Der grosse Rat entschied mit 161 weissen zu 55 schwarzen Kugeln.
Der grosse Rat entschied mit 161 weissen zu 55 schwarzen Kugeln. Staatsarchiv Zürich
Doch war die Begnadigung Furrers nicht das Signal zur vollständigen Aussetzung von Hinrichtungen. Nur sieben Monate später, im Mai 1865, wurde der Kindermörder Heinrich Götti in Zürich enthauptet. Dies allerdings sollte die letzte Exekution im Kanton Zürich gewesen sein. Mit der neuen Kantonsverfassung von 1869 wurde die Todesstrafe dann wirklich und endgültig abgeschafft. Das galt jedoch nicht für die gesamte Schweiz. Zwar sah die totalrevidierte Bundesverfassung von 1874 die Todessstrafe nicht mehr vor, doch nur fünf Jahre später wurde, nach einer Volksabstimmung, den Kantonen die Kompetenz zurückgegeben, sie wieder einzuführen – was elf Kantone dann auch taten. Erst das Strafgesetzbuch von 1942 verbot die Todesstrafe im Zivilstrafrecht wieder schweizweit. Damit war die Eidgenossenschaft im europäischen Vergleich eher früh dran: Grossbritannien zum Beispiel schaffte die Todesstrafe erst in den 1970er-Jahren ab, Frankreich in den 1980ern. Jedoch kannte das Schweizer Militärstrafrecht die Todesstrafe in Kriegszeiten noch bis 1992.

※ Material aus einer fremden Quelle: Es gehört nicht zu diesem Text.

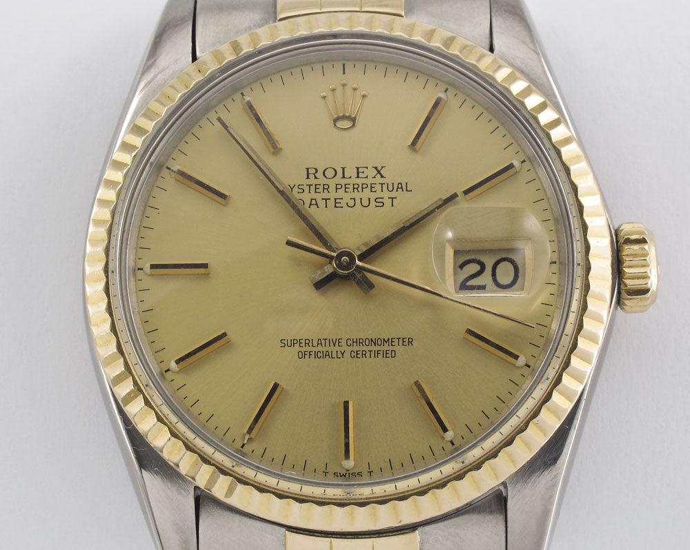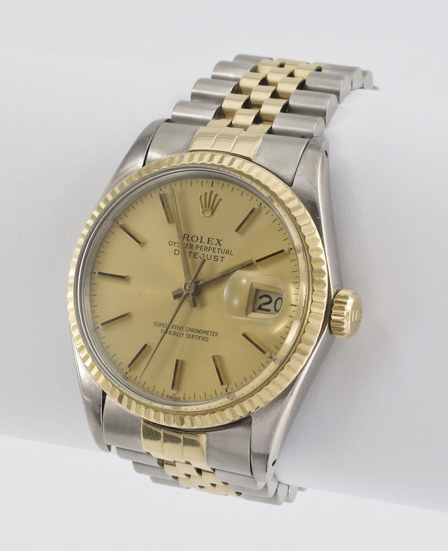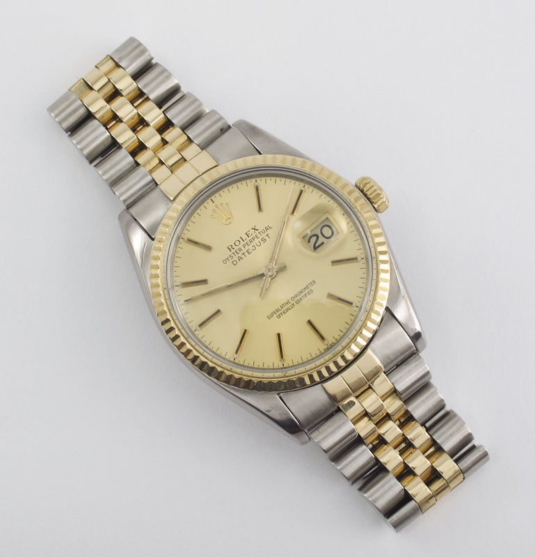 ROLEX OYSTER PERPETUAL TWO TONE WRISTWATCH: 18K yellow gold and stainless steel date just watch with stainless steel case. Case number 16013. Serial number 8228322. The bezel and genuine Rolex crown are 18K. Champagne dial with standard Radium stick style hands, acrylic crystal. 27 jewel movement, caliber .035, serial number 115239, automatic winding. In good running order, pressure tests well for water resistance. CA. 1984.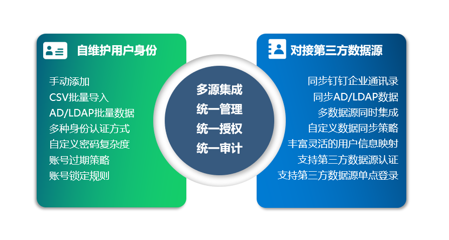 澳门新葡京平台官网零信任安全管理平台既支持主流企业通讯录系统的数据导入与同步,也支持自建用户体系。实现了在一个平台对企业人员、部门以及角色组的统一高效管理。同时系统提供多种用户认证方式,全方位满足各种需求场景。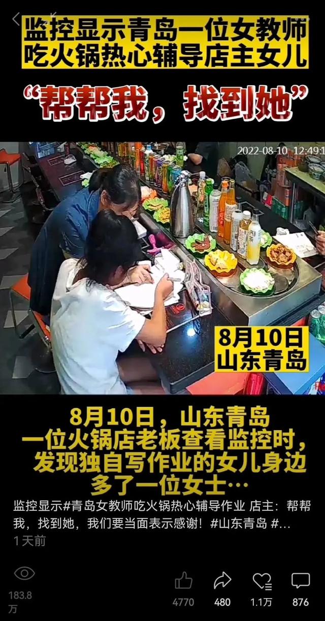 8月10日,青岛一位火锅店店主查看监控时发现,独自写作业的女儿身边多了一位女士。店主听女儿说,这是一位来吃饭的老师,看到自己做题遇到困难,就主动给讲了讲。这段视频在社交平台广泛传播,引发网友热烈讨论。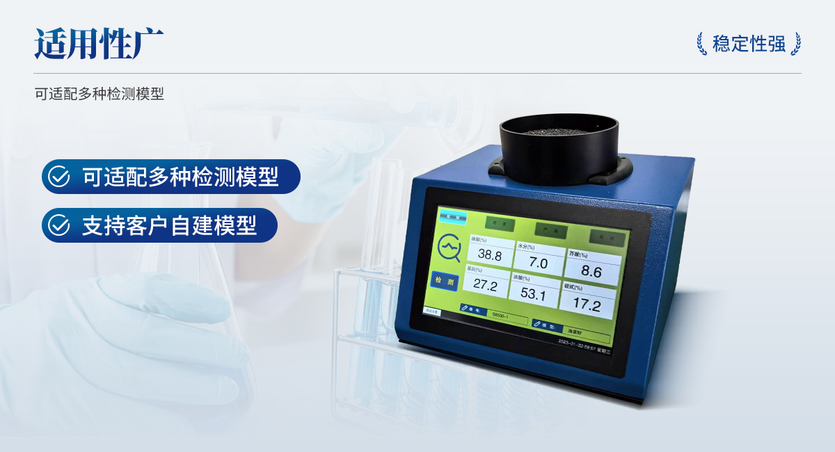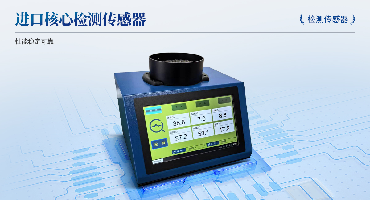 近紅外光譜分析儀,是針對(duì)原糧、食品、飼料等行業(yè)開(kāi)發(fā)的專用 檢測(cè)設(shè)備,可無(wú)損、快速、準(zhǔn)確地檢測(cè)樣本的水分、脂肪、蛋白質(zhì)等多種指標(biāo)。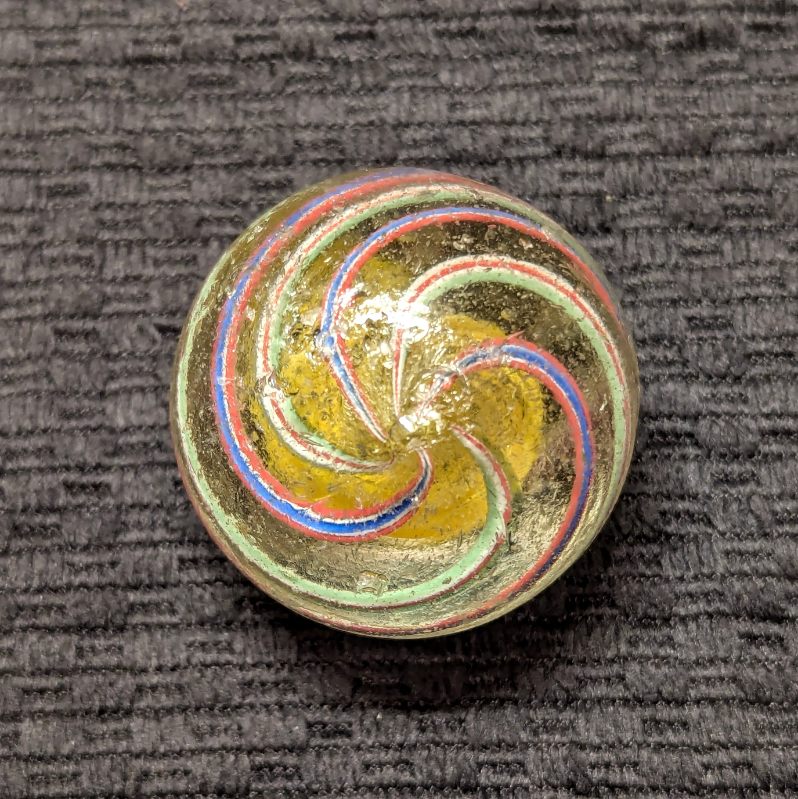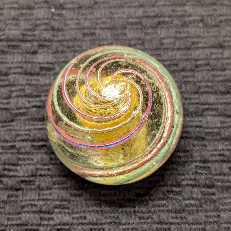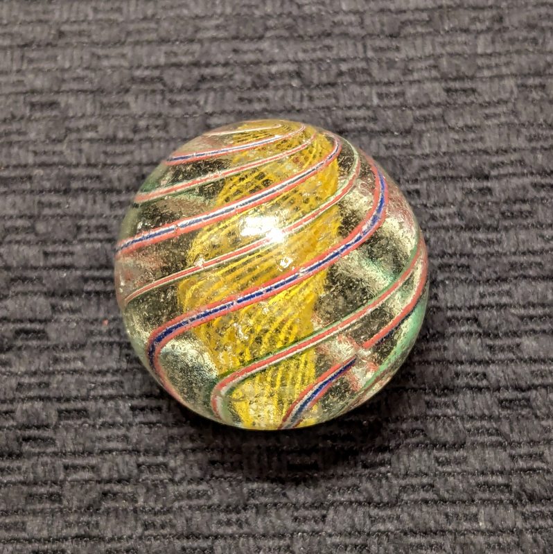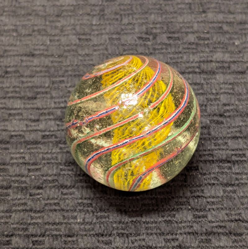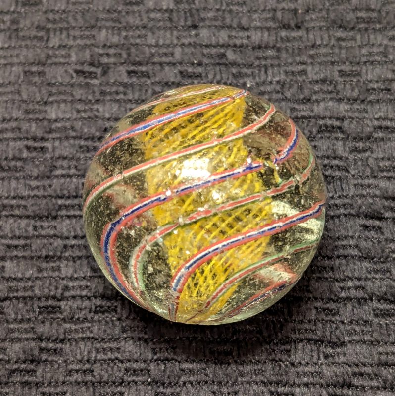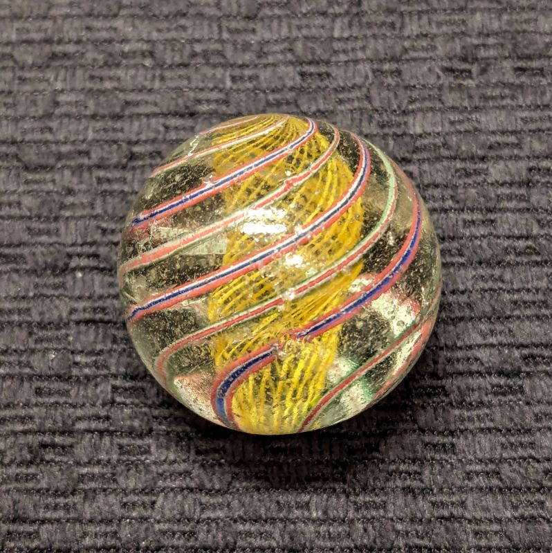 Well-Made Large 1-9/16″ Yellow Latticino Swirl w/ 6 outer ribbons – 3 Red/White/Blue, and 3 Red/White/Green. Many tiny nicks on the surface, but no significant Chips.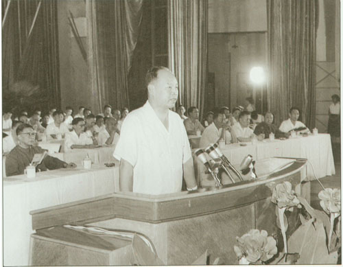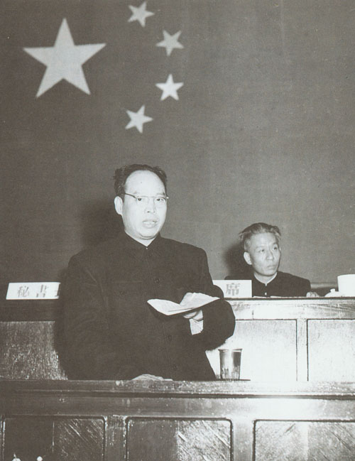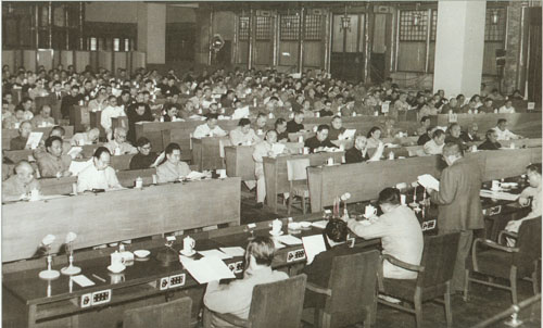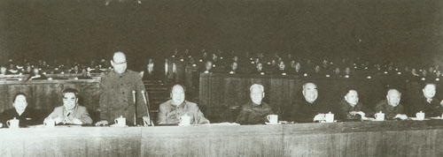 78.彭真1953.9.12在中央人民政府委员会第二十四次会议上。主席台左起:张澜、宋庆龄、毛泽东、彭德怀、刘少奇。前排左起:董必武、彭真、周恩来。
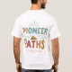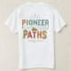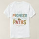 t-shirt design features the text "Pioneer Paths" in a playful, cartoon font, with colourful wagon wheels and trail signs in the background. This lighthearted and fun-loving design is perfect for anyone who appreciates the spirit of adventure and discovery.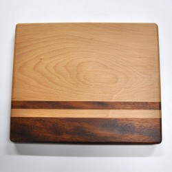 Tabla de cortar fabricada a mano con madera natural de haya e iroko. Diseño a favor de veta. Acabada con aceite mineral natural y nuestro preparado con cera de abeja.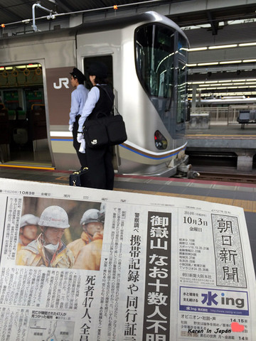 由于去鸟取由良的车次非常少,错过了一班下一班就要两小时以后,所以我们提前半个多小时就在JR车站等待了,闲来无聊买了份朝日新闻,很大的篇幅都在讲最近的火山爆发。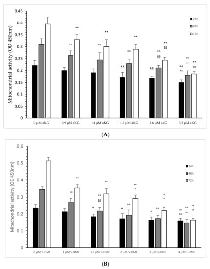 Mitochondrial activity of the Jurkat cell line in the absence or presence of different concentrations of aKG (A) or 5-HMF (B) estimated in absorbance after 24, 48 and 72 h of cultivation (n = 5). (A) On 24 h incubation: ** p < 0.01: significance between 0 µM aKG and 0.9, 1.4, 1.7, 2.6 and 3.5 µM aKG; $$ p < 0.01: significance between 2.6 and 1.7 µM aKG; ## p < 0.01: significance between 2.6 and 1.7 µM aKG; 48 h incubation: °° p < 0.01: significance between 0 µM aKG and 0.9, 1.4, 1.7, 2.6 and 3.5 µM aKG; §§ p < 0.01: significance between 0.9 and 2.6 µM aKG; †† p < 0.01: significance between 1.7 and 3.5 µM aKG; 72 h incubation: && p < 0.01: significance between 0 µM aKG and 1.7, 2.6 and 3.5 µM aKG; ^^ p < 0.01: significance between 1.4 and 3.5 µM aKG. (B) On 24 h incubation: ## p < 0.01: significance between 0 µM 5-HMF and 1 and 2 µM 5-HMF; # p < 0.05: significance between 1 and 3 µM 5-HMF; && p < 0.01: significance between 1 and 4 µM 5-HMF. On 48 h incubation: °° p < 0.01: significance between 0 µM 5-HMF and 1, 1.6, 2, 3 and 4 µM 5-HMF; $$ p < 0.01: significance between 1 µg/mL 5-HMF and 1.6, 2 and 3 µM 5-HMF; ^^ p < 0.01: significance between 2 µg/mL and 4 µM 5-HMF. On 72 h incubation: ** p < 0.01: significance between 0 µM 5-HMF and 1, 1.6, 2, 3 and 4 µM 5-HMF; + p < 0.05: significance between 1 and 2 µM 5-HMF; ++ p < 0.01: significance between 2 and 3 µM 5-HMF; †† p < 0.01: significance between 3 and 4 µM 5-HMF.

Der Todesstra­fe entkommen, aber zu welchem Preis?

Der gängige Brauch, lebenslänglich Verurteilte nach 20 Jahren zu begnadigen, wurde an Furrer nicht geübt. 1885 wurde vermeldet, dass er sich noch im Gefängnis befinde und dort mit dem Spalten von Brennholz beschäftigt sei. 1892 folgte seine Überstellung von der kantonalen Strafanstalt in die «Irrenanstalt» Rheinau. Die Zeitungen schrieben, er sei «körperlich und geistig vollständig gebrochen». Im Frühjahr 1893 starb Johann Heinrich Furrer 48-jährig in Rheinau. Sein Vermögen von immerhin 40'000 Franken fiel an seine Schwester Luise.